When it hit movie theatres in 2002, ‘Minority Report’ tried to convey a world 40 years into our future with billboards that respond to people as they walk by and a much-copied giant transparent computer display that responds to touches and mid-air gestures.
We are, luckily, a little way from billboards that know our names and shout them out. But the big panel that will understand the gestures we make when we wag our fingers at it? That is not far away at all.
The impetus is not coming from movies and TV shows. Technology is more a follower of real-world fashion. The driving force is, right now, the consumer electronics industry and the current fashion leader in that environment: Apple. It does not take long for success in the consumer field to translate into demand in other sectors. Car makers have begun to ship high-end models that incorporate touchscreens into their dashboards. And industrial control manufacturers have embraced increasingly complex forms of touch, such as the multiple-touch and gesture support found in the iPhone.
Ian Crosby, sales and marketing director at Zytronic, says: “Six years ago multitouch didn’t really exist in commercial and industrial markets. It was more just about buttons – pressing them to switch on or off. Then, after Apple introduced gestures for pitches and zooms, that sparked a rapid adoption in industrial markets.”
The mainstay of the industrial touchscreen and for many smartphones up to then was the resistive touchscreen. But it has drawbacks when it comes to creating user interfaces.
“The idea of multitouch with gestures was something that was never realised with resistive technology,” says TouchNetix managing director Chris Ard.

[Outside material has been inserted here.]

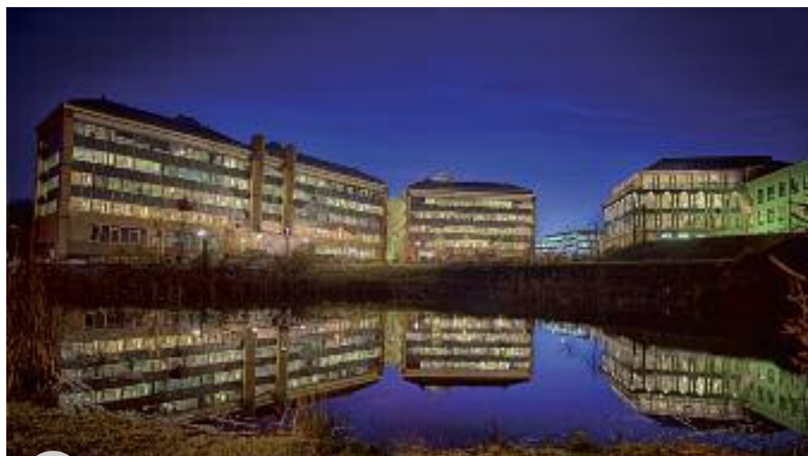
Le siège de Taktik

Taktik se positionne donc comme éditeur de logiciels et fournisseur de solutions complètes sur le marché en indirect, au travers d'un réseau de partenaires intégrateurs agréés et certifiés. Pour apporter la meilleure réactivité possible à leurs clients, la société s'est développée à l'international avec l'appui de l'Awex. Après le Luxembourg, les Pays-Bas, les Etats-

After the iPhone launch the consumer electronics industry jumped onto projected capacitive and it became the main technology for touch. “That didn’t affect us directly but what we did see was that more of our traditional customers also started to become interested in the benefits of projected capacitive touch,” Crosby says.
Simon Duggleby, product marketing manager for semiconductors at RS Components, says industrial designs have seen a migration away from traditional industrial user interfaces. “There was a time when everything used a seven-segment display with lots of buttons and knobs. But many have shifted to a display. People have gone from appreciating tactile buttons to almost not wanting them. They want a more seamless product.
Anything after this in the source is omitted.